PhysioFlow System measures the change in impedance by injecting a high frequency alternating electrical current (66 kHz) of low magnitude (4.5 mA peak to peak) towards the thorax between two electrodes positioned on the neck and another two positioned on xiphoïd process. The use of a high frequency current eliminates the risk of interference with heart and brain bioelectrical activity.

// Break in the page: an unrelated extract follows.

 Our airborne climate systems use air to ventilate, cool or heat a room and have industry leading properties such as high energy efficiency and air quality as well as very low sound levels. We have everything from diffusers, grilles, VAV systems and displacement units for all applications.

In addition, as the impedance of skin-electrodes is very low at high frequency, tissues will not endure any thermal effects and patients feels nothing.
Specific calculations conducted, as part of further analysis will be based on values obtained in the supine position.

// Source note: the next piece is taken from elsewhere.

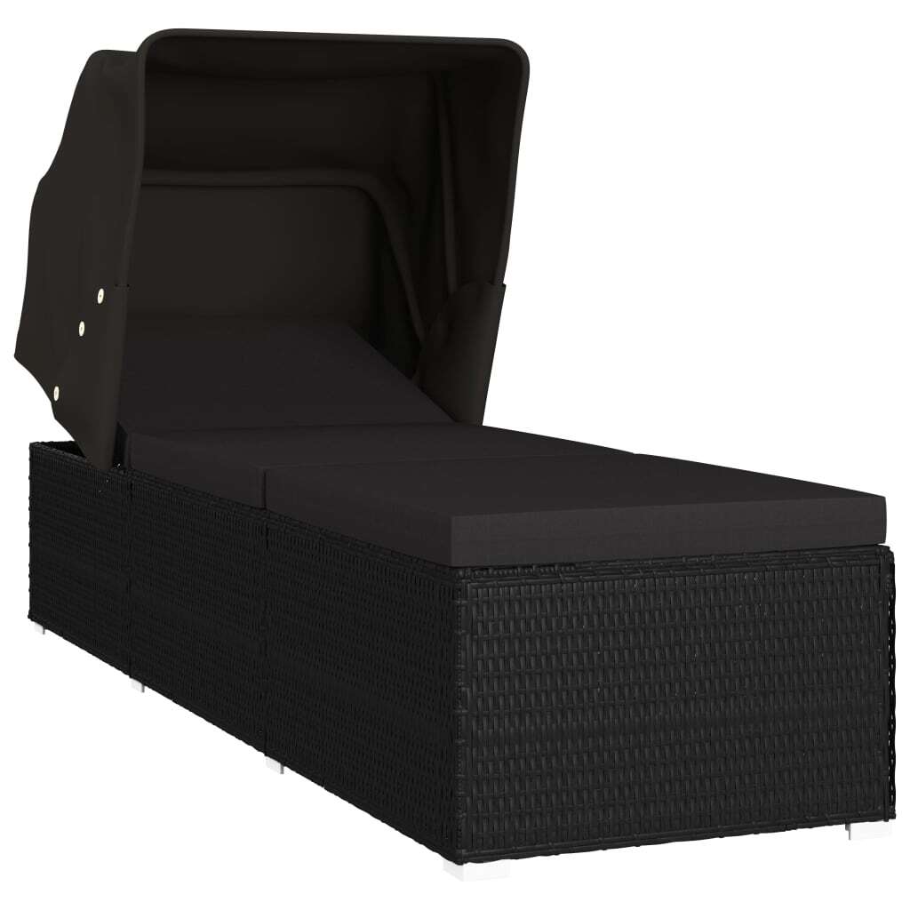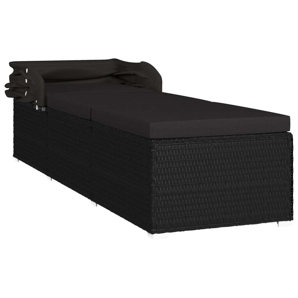 Convertible Sun Bed with Cushion Poly Rattan Black

The measurement scheme will be as follows: the first ICG will be done 1 day prior to the AFR procedure. Four ICG and two ECG pre-gelled electrodes will be placed: two (Z1, Z2) on the left side of the patient’s neck, one (Z3) at the level of the xiphoid and the last one (Z4) just to the right to Z3. The ICG data will be collected continuously (beat by beat) for 30 min. The blood pressure will be taken every 10 min and stored for analysis. The following parameters will be measured continuously: cardiac index (CI [l/min/m2]), stroke volume index (SVi [mL/m2]), left cardiac work index (LCWi [kg·m/m2]), contractility index (CTi), ventricular ejection time (VET [ms]), systemic vascular resistance index (SVRi [dyn·s/cm5·m2]), thoracic fluid content index (TFCi [1/kΩ·m2]) and heart rate (HR [1/min]).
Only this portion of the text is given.